The conservative white-collar PATCO is a model for LCDC’s worker friends. The concept that the worker will own the means of production, that the people will be responsible for planning what society produces and how products are developed and manufactured doesn’t exist in the local body politic. There are land-use questions – walkable transit-oriented versus sprawling auto-centric – but Loudoun’s abominable “design” is so auto-centric that the idea that Metro will affect those critical done decisions is ridiculous. The development chaos that built Loudoun was outsourced to the real “corrupt political system”; the system that sells automobiles using images of Craftsman-style bungalows, but no longer manufactures those small well-built American-made homes. It now sells us plastic wrapped colonials with three car garages to house automobiles owned by workers who, while stopped in traffic, dream of returning home to the mythical bungalow that sealed the deal on the car.
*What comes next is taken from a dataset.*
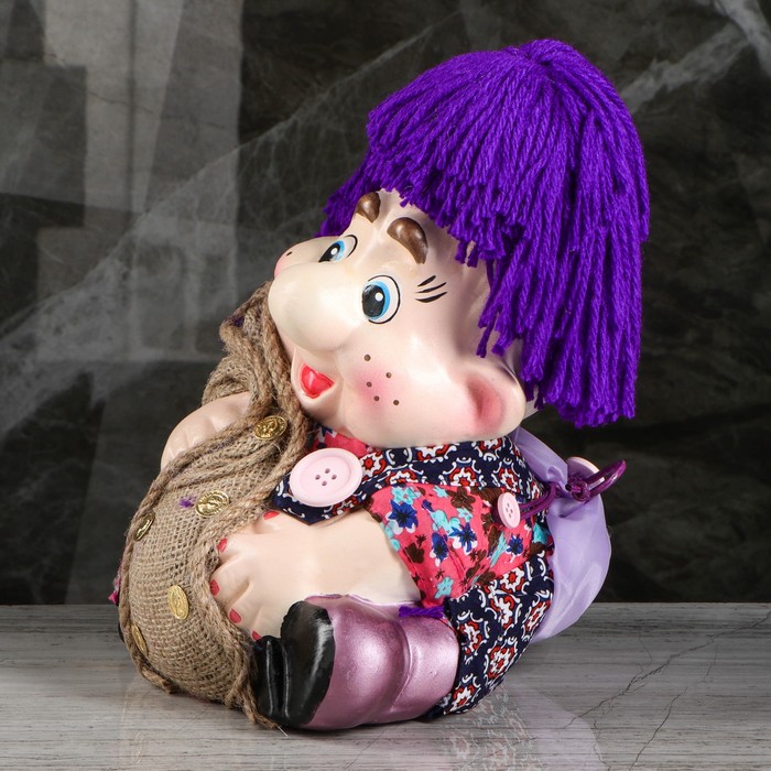 Копилка — универсальный вариант подарка любому человеку, ведь каждый из нас мечтает о какой-то дорогостоящей вещи и откладывает или собирается откладывать деньги на её приобретение. Вместительная Копилка "Кузя с мешком" станет прекрасным хранителем сбережений и украшением интерьера. Она выглядит так ярко и эффектно, что проходя мимо, обязательно захочется забросить пару монет.

Automobile sold by the mythical bungalow in the woods
We live in an endless cycle of dream and myth that never connects the harsh reality that the middle class is shrinking and most production takes place in developing countries where workers and natural resources are exploited. There are workers out there, but we dare not speak of them.
Meanwhile, the Republican black and white thinking unburdens voters from these complicated geopolitical issues. A fertilized egg is a citizen, marriage is between one man and one women (at one time), workers are bad – unless my company employs them, business is good and there is no such thing as pollution. Democrats want the same thing for the workers that the Republicans purportedly deliver, jobs, and nobody seems to want the real change that is required to build a stable, self-sustaining economy.
If “worker” wasn’t the W-word, maybe we could make some progress. For now, Scott Walker won, the PLA is dead, the people voted, and workers had better tighten their belts.